A nomogram based on clinical factors to predict calendar year readmission in patients with ulcerative colitis.

作者信息

Xiang Ying, Yuan Ying, Liu Jinyan, Xu Xinwen, Wang Zhenyu, Hassan Shahzeb, Wu Yue, Sun Qi, Shen Yonghua, Wang Lei, Yang Hua, Sun Jing, Xu Guifang, Huang Qin

机构信息

Department of Gastroenterology, Nanjing Drum Tower Hospital, Affiliated Hospital of Medical School, Nanjing University, Nanjing, Jiangsu Province, China.

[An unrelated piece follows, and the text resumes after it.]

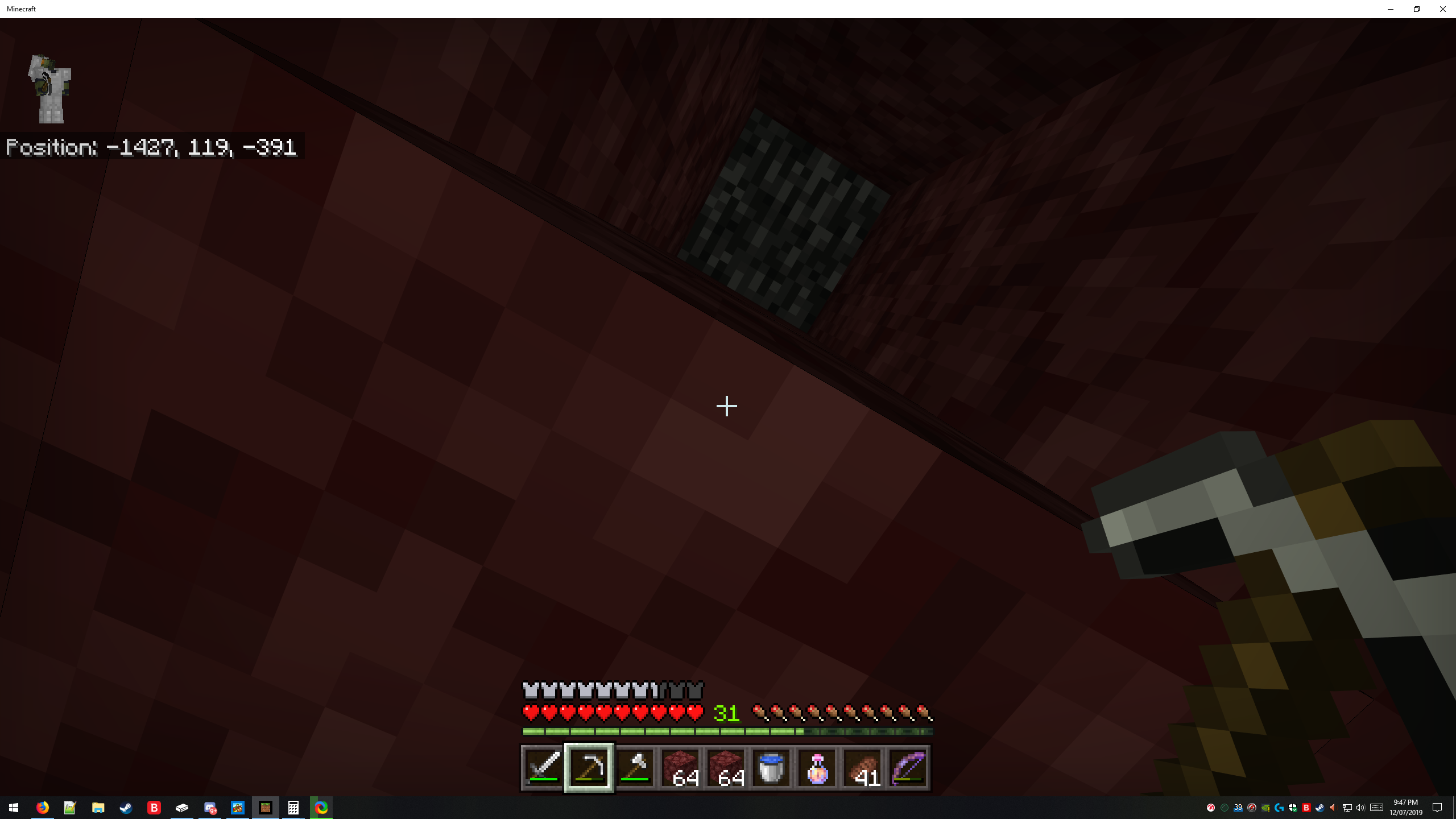 I lost many things, including my loyalty trident, enchanted diamond sword, other tools, and of course the 27 levels I had gathered through mining stacks of quartz.

Departments of Gastroenterology, Wuxi People's Hospital Affiliated to Nanjing Medical University, Wuxi, Jiangsu Province, China.

出版信息

Therap Adv Gastroenterol. 2023 Jul 31;16:17562848231189124. doi: 10.1177/17562848231189124. eCollection 2023.

Abstract

BACKGROUND

Readmission shortly after discharge is indicative of an increased disease severity for patients with ulcerative colitis (UC) and ineffectiveness to medical therapy, which may contribute to a dismal prognosis.

OBJECTIVES

This study aimed to explore prognostic variables with a nomogram to predict unplanned UC-related readmission within 1 year after discharge.

DESIGN

A retrospective cohort study.

METHODS

Electronic medical records of all UC patients treated at our center between 1 January 2014 and 31 June 2021 were reviewed. A comprehensive analysis of various characteristics, such as demographics, comorbidities, medical history, follow-up appointments, admission endoscopy, histopathologic features, etc., was used to determine the primary end point, which was unplanned UC-related calendar year readmission.

RESULTS

We found that the unplanned UC-related readmission rate within 1 year was 20.8%. In multivariable cox analysis, the predictors of the Elixhauser comorbidity index [Hazard ratio (HR): 3.50, 95% confidence interval (CI): 1.93-6.37], regular follow-up (HR: 0.29, 95% CI: 0.16-0.53), any history of corticosteroid use (HR: 3.38, 95% CI: 1.83-6.27), seral level of C-reactive protein (HR: 1.01, 95% CI: 1.00-1.02), and the UC endoscopic index of severity (HR: 1.29, 95% CI: 1.05-1.57) independently predicted calendar year readmission after discharge. The established nomogram had a consistently high accuracy in predicting calendar year readmission in the training cohort, with a concordance index of 0.784, 0.825, and 0.837 at 13, 26, and 52 weeks, respectively, which was validated in both the internal and external validation cohorts. Therefore, UC patients were divided into clinically low-, high-, and extremely high-risk groups for readmission, based on the calculated score of 272.5 and 378.

CONCLUSION

The established nomogram showed good discrimination and calibration powers in predicting calendar year readmission in high-risk UC patients, who may need intensive treatment and regular outpatient visits.

摘要

背景

出院后不久再次入院表明溃疡性结肠炎(UC)患者的疾病严重程度增加以及药物治疗无效,这可能导致预后不良。

目的

本研究旨在通过列线图探索预测出院后1年内计划外UC相关再入院的预后变量。

设计

一项回顾性队列研究。

方法

回顾了2014年1月1日至2021年6月31日在我们中心接受治疗的所有UC患者的电子病历。对各种特征进行综合分析,如人口统计学、合并症、病史、随访预约、入院内镜检查、组织病理学特征等,以确定主要终点,即计划外UC相关的日历年再入院。

结果

我们发现1年内计划外UC相关再入院率为20.8%。在多变量cox分析中,Elixhauser合并症指数的预测因素[风险比(HR):3.50,95%置信区间(CI):1.93 - 6.37]、定期随访(HR:0.29,95%CI:0.16 - 0.53)、任何使用皮质类固醇的病史(HR:3.38,95%CI:1.83 - 6.27)、C反应蛋白的血清水平(HR:1.01,95%CI:1.00 - 1.02)以及UC内镜严重程度指数(HR:1.29,95%CI:1.05 - 1.57)独立预测出院后的日历年再入院。所建立的列线图在训练队列中预测日历年再入院方面具有始终如一的高准确性,在13、26和52周时的一致性指数分别为0.784、0.825和0.837,在内部和外部验证队列中均得到验证。因此,根据计算得分272.5和378,将UC患者分为临床低、高和极高再入院风险组。

结论

所建立的列线图在预测高危UC患者的日历年再入院方面显示出良好的数据区分和校准能力,这些患者可能需要强化治疗和定期门诊就诊。